Испуг
Шрифт:
Защитники Дома, писала газетенка, разделились: одни хотели биться, другие были готовы сдаться. Решение о сдаче на какой-то миг пересилило… Буквально на несколько минут. Но возникла проблема связи: как заново войти в контакт с атакующими… Если Дом обесточен… Теперь известно, что горячая (единственная) телефонная линия по какой-то причине отрубилась. И как дальше?.. Как связаться?
Не могли защитники Дома дать знать ельцинским танкам и знаком – заранее условленной двойной осветительной ракетой. (О том, что готовы сдаться.) Ненадежно!.. Слишком
И как бы запасным вариантом сигнала о сдаче Дома (решающим в те минуты сигналом) стал одинокий человек без автомата – голый, на самом верху. Прожектора нашли его почти сразу. Луч зафиксировал… Голый – это как раз и означало, что ресурсы защитников истощились. На нуле. Сдаемся…

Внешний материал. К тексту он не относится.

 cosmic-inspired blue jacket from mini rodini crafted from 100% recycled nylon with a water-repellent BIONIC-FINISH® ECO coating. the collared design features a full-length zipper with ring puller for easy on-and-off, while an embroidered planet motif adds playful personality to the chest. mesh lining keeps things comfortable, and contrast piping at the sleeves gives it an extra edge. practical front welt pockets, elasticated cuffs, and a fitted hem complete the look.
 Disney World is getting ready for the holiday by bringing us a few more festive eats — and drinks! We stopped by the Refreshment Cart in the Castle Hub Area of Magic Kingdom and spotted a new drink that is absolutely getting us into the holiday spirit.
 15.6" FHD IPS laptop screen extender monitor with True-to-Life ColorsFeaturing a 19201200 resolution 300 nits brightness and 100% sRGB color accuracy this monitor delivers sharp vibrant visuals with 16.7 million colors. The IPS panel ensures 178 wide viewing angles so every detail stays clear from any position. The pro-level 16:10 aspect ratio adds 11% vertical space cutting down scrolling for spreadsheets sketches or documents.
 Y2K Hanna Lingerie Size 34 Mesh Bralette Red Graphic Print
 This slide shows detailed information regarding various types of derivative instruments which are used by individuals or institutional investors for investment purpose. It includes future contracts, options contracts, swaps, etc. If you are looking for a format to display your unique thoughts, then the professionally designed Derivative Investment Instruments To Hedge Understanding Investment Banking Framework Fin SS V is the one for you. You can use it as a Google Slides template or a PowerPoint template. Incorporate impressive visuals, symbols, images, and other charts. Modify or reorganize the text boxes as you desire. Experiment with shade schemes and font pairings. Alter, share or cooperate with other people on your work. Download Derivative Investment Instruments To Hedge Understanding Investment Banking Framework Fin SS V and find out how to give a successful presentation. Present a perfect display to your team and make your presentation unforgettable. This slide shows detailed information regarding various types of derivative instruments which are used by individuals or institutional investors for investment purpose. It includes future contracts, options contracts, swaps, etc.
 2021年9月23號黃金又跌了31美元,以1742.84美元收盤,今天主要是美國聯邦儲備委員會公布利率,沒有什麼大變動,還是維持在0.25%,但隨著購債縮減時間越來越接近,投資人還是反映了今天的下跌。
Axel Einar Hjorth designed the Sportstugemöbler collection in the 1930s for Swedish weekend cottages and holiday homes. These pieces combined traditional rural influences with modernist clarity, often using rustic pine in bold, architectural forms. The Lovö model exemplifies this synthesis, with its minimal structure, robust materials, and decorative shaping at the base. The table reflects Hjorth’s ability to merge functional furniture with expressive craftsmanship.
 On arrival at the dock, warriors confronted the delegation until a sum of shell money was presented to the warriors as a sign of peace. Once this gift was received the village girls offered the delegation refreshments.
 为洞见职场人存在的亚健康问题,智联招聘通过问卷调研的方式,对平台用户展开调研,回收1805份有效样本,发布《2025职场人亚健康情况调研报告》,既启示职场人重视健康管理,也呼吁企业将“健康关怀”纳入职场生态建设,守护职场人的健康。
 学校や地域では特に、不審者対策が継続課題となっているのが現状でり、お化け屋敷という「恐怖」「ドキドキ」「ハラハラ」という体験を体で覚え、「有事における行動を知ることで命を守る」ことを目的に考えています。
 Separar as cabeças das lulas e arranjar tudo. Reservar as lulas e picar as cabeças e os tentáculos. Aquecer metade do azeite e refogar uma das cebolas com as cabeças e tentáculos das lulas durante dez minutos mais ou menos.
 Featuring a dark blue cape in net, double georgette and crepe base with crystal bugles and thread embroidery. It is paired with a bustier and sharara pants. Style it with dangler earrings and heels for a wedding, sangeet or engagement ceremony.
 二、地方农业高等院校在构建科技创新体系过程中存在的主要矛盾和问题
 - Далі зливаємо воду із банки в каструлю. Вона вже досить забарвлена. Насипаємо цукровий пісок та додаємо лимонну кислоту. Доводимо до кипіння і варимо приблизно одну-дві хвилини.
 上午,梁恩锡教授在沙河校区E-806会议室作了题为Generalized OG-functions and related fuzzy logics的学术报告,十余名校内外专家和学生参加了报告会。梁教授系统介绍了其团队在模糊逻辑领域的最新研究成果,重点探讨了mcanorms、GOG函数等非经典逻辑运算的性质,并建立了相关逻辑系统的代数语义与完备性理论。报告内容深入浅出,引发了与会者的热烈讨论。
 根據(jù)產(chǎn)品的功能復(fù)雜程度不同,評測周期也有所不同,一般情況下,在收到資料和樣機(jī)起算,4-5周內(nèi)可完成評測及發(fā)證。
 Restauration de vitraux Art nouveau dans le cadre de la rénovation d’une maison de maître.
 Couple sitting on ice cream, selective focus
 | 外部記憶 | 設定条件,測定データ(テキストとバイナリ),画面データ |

И атакующие снизошли. На эти самые две (исторические) минуты врубили свет (все, кто был в Доме, помнят кратко вспыхнувшие лампы). И по ожившему телефону спросили: ну что, голяки?.. Сдаетесь?.. В те две минуты ответ был в пользу мира: да… сдаемся… Если расправы не будет.
А ведь могла быть бойня. С последствиями.
Но параллельно честная газетенка излагала и альтернативное мнение. Оппонент возражал… Да, голый был. Да, на самом верху. Но это был свихнувшийся, одуревший от рвущихся снарядов старик чиновник… Голодный… Его многие видели. Он бродил по опустевшим коридорам больше суток…
Дело в том, что старик во время обстрела вдруг оказался блокирован обвалившейся (рухнувшей внутрь) стенной перегородкой – и мог выбраться только на крышу. Он еле вылез в щель. Выбираясь из завала, он и ободрался… Стал совершенно гол… Бедняга!.. А на край крыши он, бедный, вышел, чтобы просто отлить… Вниз… Прожектор это четко зафиксировал. Все видели… Старик дотерпел до ночи. Он не мог сделать дело днем на виду прохожих. На виду женщин… Он не мог сделать дело на виду Си-эн-эн. И поэтому только ночью… Только при лунном свете голый старик отлил прямо на атакующих – газета иронизировала, – в этом не было презрения, он просто справил нужду.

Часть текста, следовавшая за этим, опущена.